• **PROBLEM**:
Skipping all images, output the listing word for word.

• **INPUT DATA**:

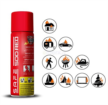 Univerzální hasicí sprej SAFE 500 RED pro hašení požáru typu A (pevných hořlavých látek), F (jedlých olejů a tuků), E (elektrických zařízení pod proudem do 1000 V). Je primárně určen k hašení začínajících požárů v domácnostech, kuchyních, garážích, automobilech, kancelářích, chatách atd. Možnost použití až do - 20 °C.
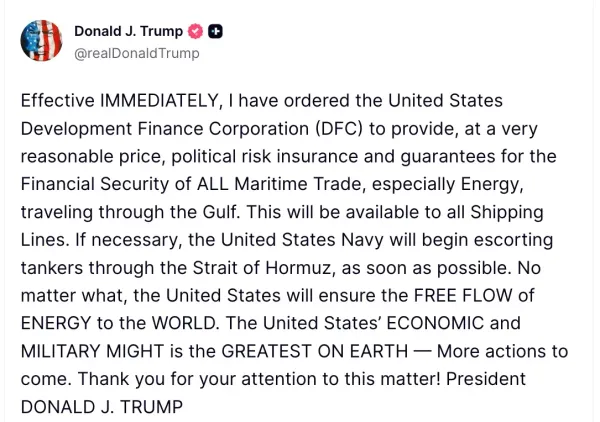 “Effective IMMEDIATELY, I have ordered the United States Development Finance Corporation (DFC) to provide, at a very reasonable price, political risk insurance and guarantees for the Financial Security of ALL Maritime Trade, especially Energy, traveling through the Gulf,” Trump said in the post.
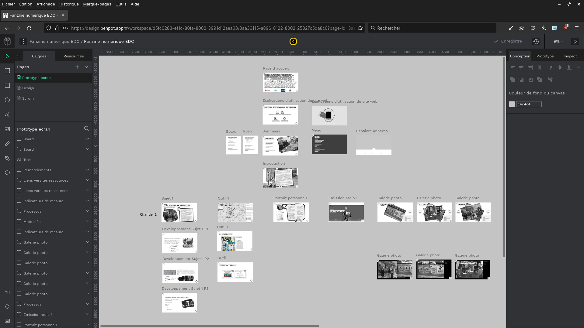 Il permet de rendre visible visuellement et de façon interactive le fanzine numérique avant sa réalisation finale en programmation. Il est réaliser dans le logiciel « PenPot » car c’est un logiciel libre et open source, gratuit. Il a pour but rendre visible l’interface du site web et la nature des interactions dans celui-ci. C’est un logiciel collaboratif qui permet concevoir les interfaces avec plusieurs personnes à la fois et de laisser des commentaires sur ce qui a été réaliser.
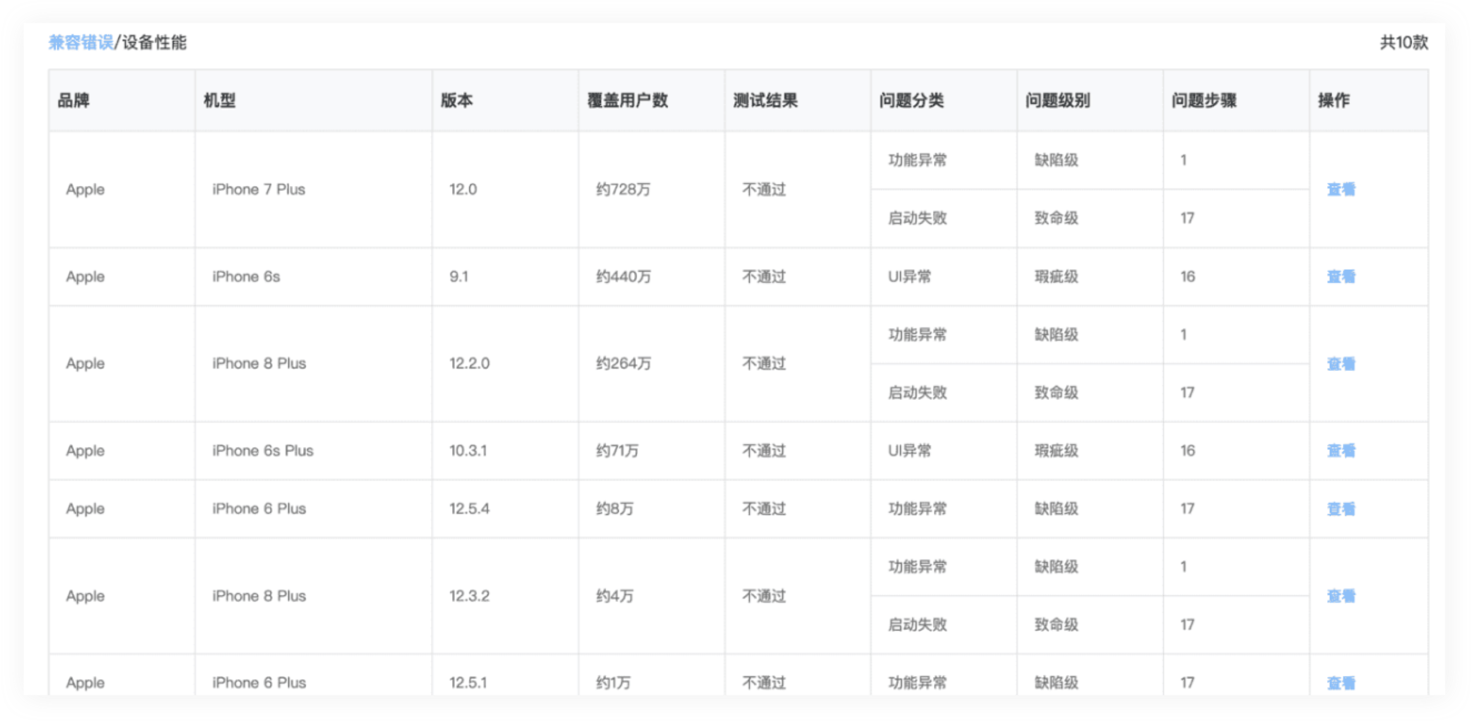 5分钟/台手机、安装/启动/Monkey Test/卸载、支持安卓&iOS兼容测试。
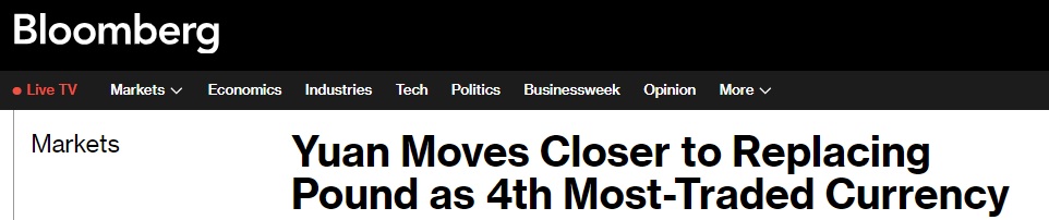 FX168财经报社(亚太)讯 美国彭博社周三(10月1日)报道称,国际清算银行(Bank for International Settlements)的数据显示,人民币的全球交易量已飙升至每天8170亿美元,延续了长达十年的增长趋势,交易规模已接近英镑的水平。

• **SOLUTION TO THIS EXERCISE**:
 Univerzální hasicí sprej SAFE 500 RED pro hašení požáru typu A (pevných hořlavých látek), F (jedlých olejů a tuků), E (elektrických zařízení pod proudem do 1000 V). Je primárně určen k hašení začínajících požárů v domácnostech, kuchyních, garážích, automobilech, kancelářích, chatách atd. Možnost použití až do - 20 °C.
 “Effective IMMEDIATELY, I have ordered the United States Development Finance Corporation (DFC) to provide, at a very reasonable price, political risk insurance and guarantees for the Financial Security of ALL Maritime Trade, especially Energy, traveling through the Gulf,” Trump said in the post.
 Il permet de rendre visible visuellement et de façon interactive le fanzine numérique avant sa réalisation finale en programmation. Il est réaliser dans le logiciel « PenPot » car c’est un logiciel libre et open source, gratuit. Il a pour but rendre visible l’interface du site web et la nature des interactions dans celui-ci. C’est un logiciel collaboratif qui permet concevoir les interfaces avec plusieurs personnes à la fois et de laisser des commentaires sur ce qui a été réaliser.
 5分钟/台手机、安装/启动/Monkey Test/卸载、支持安卓&iOS兼容测试。
 FX168财经报社(亚太)讯 美国彭博社周三(10月1日)报道称,国际清算银行(Bank for International Settlements)的数据显示,人民币的全球交易量已飙升至每天8170亿美元,延续了长达十年的增长趋势,交易规模已接近英镑的水平。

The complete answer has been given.